0x03 Implementation Method of Pass the Hash with Remote Desktop (Restricted Admin mode)
---
Test Environment:
Server:
- OS: Server 2012 R2
- IP: 192.168.62.136
- Computer Name: remoteserver
- User Name: administrator
- NTLM hash: d25ecd13fddbb542d2e16da4f9e0333d
- Restricted Admin mode enabled
Client:
- Supports Restricted Admin mode
Method 1: mimikatz
Actually Overpass-the-hash
Requires administrator privileges
mimikatz command is as follows:
privilege::debug |
After execution, the remote login interface pops up, as shown in the figure below
Select connect, successfully achieve remote login
Method 2: FreeRDP
Download address:
https://github.com/FreeRDP
Reference articles:
https://labs.portcullis.co.uk/blog/new-restricted-admin-feature-of-rdp-8-1-allows-pass-the-hash/
https://www.kali.org/penetration-testing/passing-hash-remote-desktop/
FreeRDP implements the Remote Desktop Protocol, supports passing hash
Supports Linux, Windows, and MAC. Download links are as follows:
https://github.com/FreeRDP/FreeRDP/wiki/PreBuilds
Actual testing:
(1) Parameters for remote login using plaintext on Linux:
xfreerdp /u:administrator /p:test123! /v:192.168.62.136 /cert-ignore |
Test successful
(2) Parameters for remote login using hash on Linux:
xfreerdp /u:administrator /pth:d25ecd13fddbb542d2e16da4f9e0333d /v:192.168.62.136 /cert-ignore |
Test failed
Same test results on Windows
Suspect that FreeRDP removed this feature; others have similar test results.

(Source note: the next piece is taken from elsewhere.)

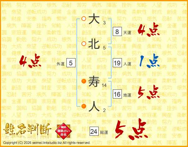 あなたの人生を表す1番重要な運勢です。生涯を通じて影響する総合運となり、主に50歳以降の晩年期に影響を及ぼします。苗字と名前の合計画数。
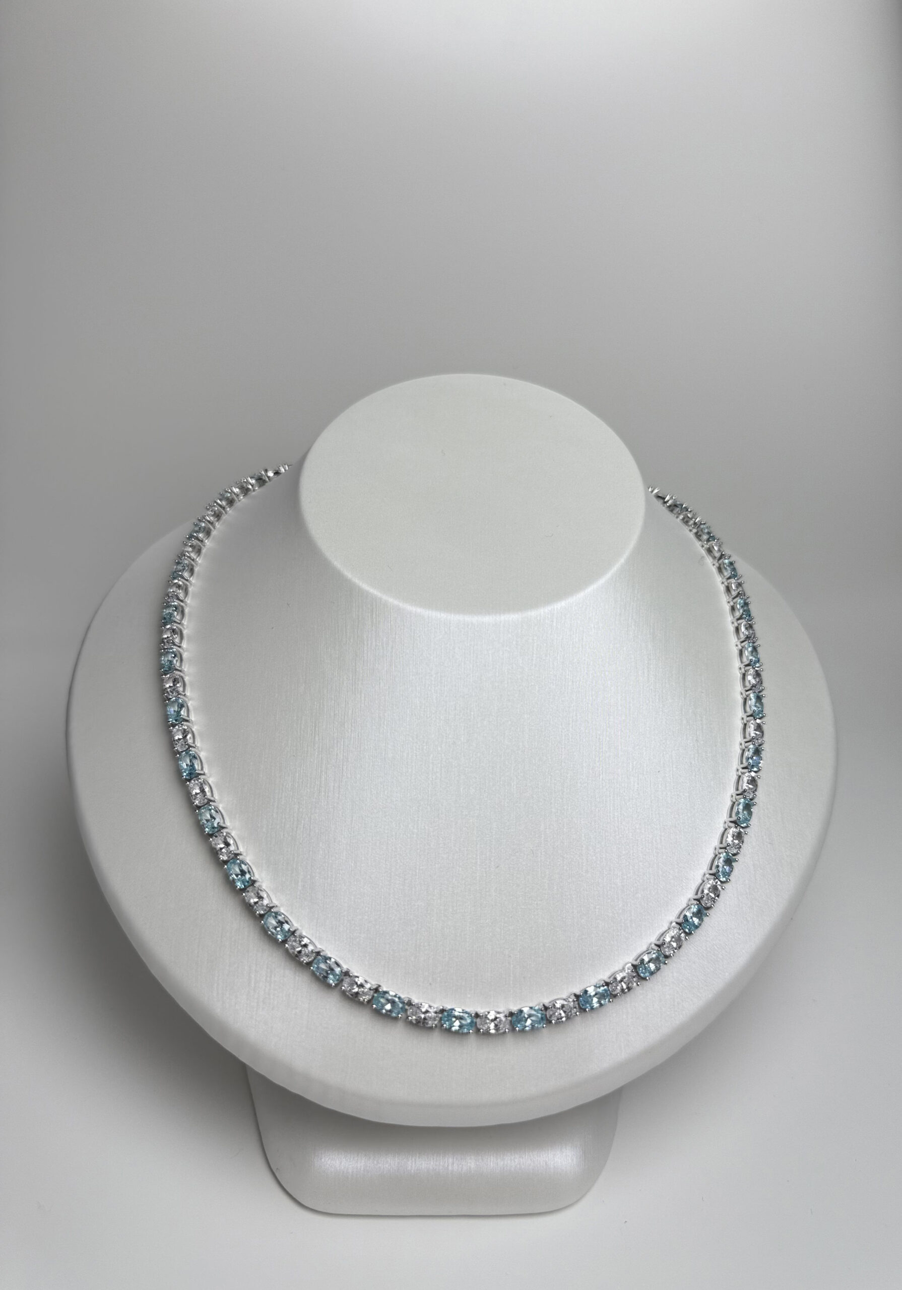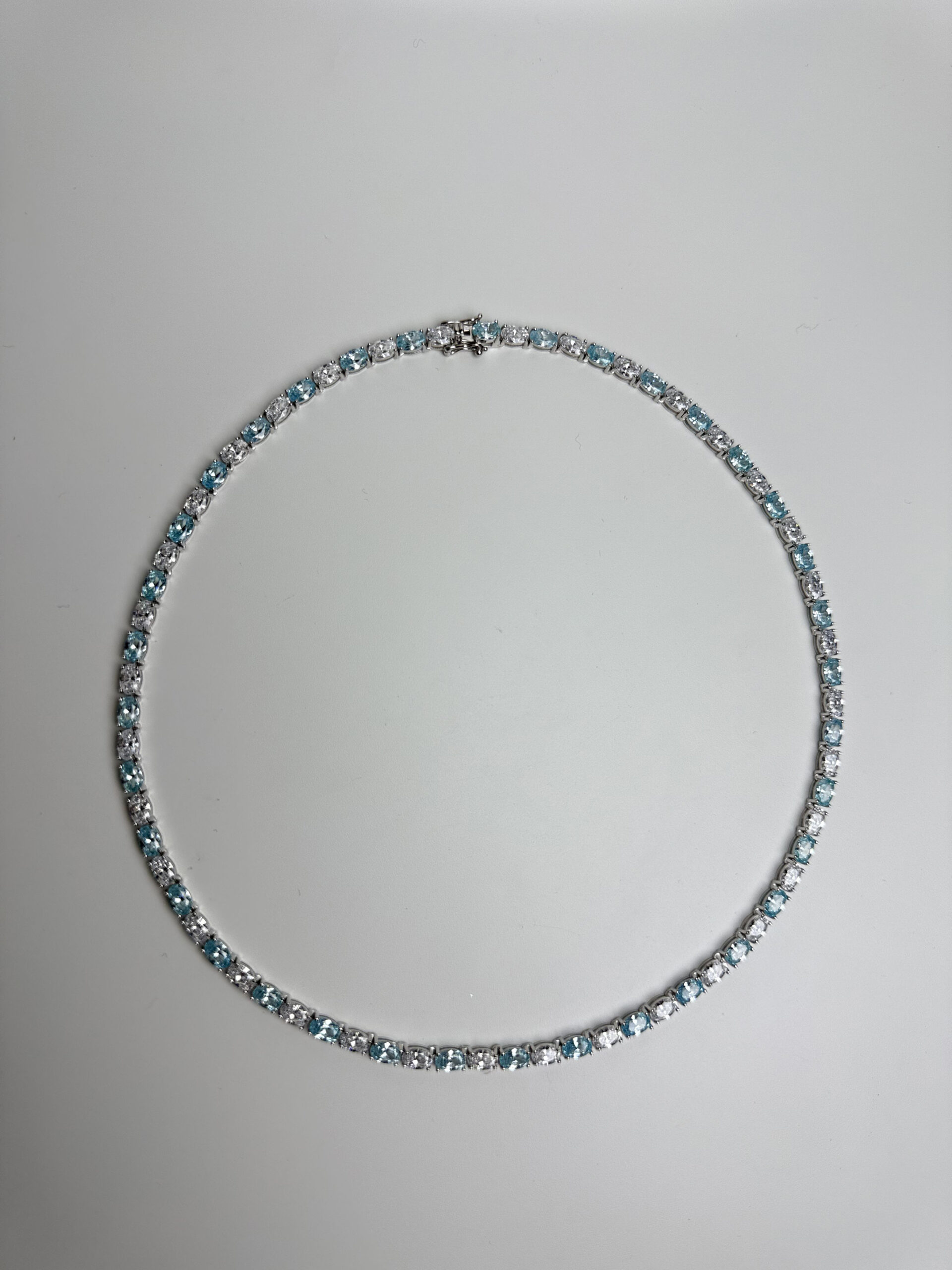 925 Sterling Silver Set With Aqua Blue Oval Cut CZ Gems Tennis Necklace

Links are as follows:
https://nullsec.us/rdp-sessions-with-xfreerdp-using-pth/
https://twitter.com/egyp7/status/776053410231558148
Solution:
Download link for the older version of FreeRDP that includes the pth feature:
https://labs.portcullis.co.uk/download/FreeRDP-pth.tar.gz
Requires recompilation to support the pth parameter
0x04 Defense Detection
---
Restricted Admin mode was originally designed to enhance system security, but it inadvertently supports Pass the Hash exploitation
Therefore, for defense, focus on preventing Pass the Hash exploitation; enabling Restricted Admin mode helps improve system security
Refer to the official Microsoft documentation at the following address:
http://www.microsoft.com/en-us/download/details.aspx?id=36036
0x05 Summary
---
This article introduces the method of Pass the Hash with Remote Desktop under specific conditions (Server must have Restricted Admin mode enabled, Client must support Restricted Admin mode), and explains key aspects of Restricted Admin mode.
The general method for Pass the Hash with Remote Desktop will be covered in a subsequent article.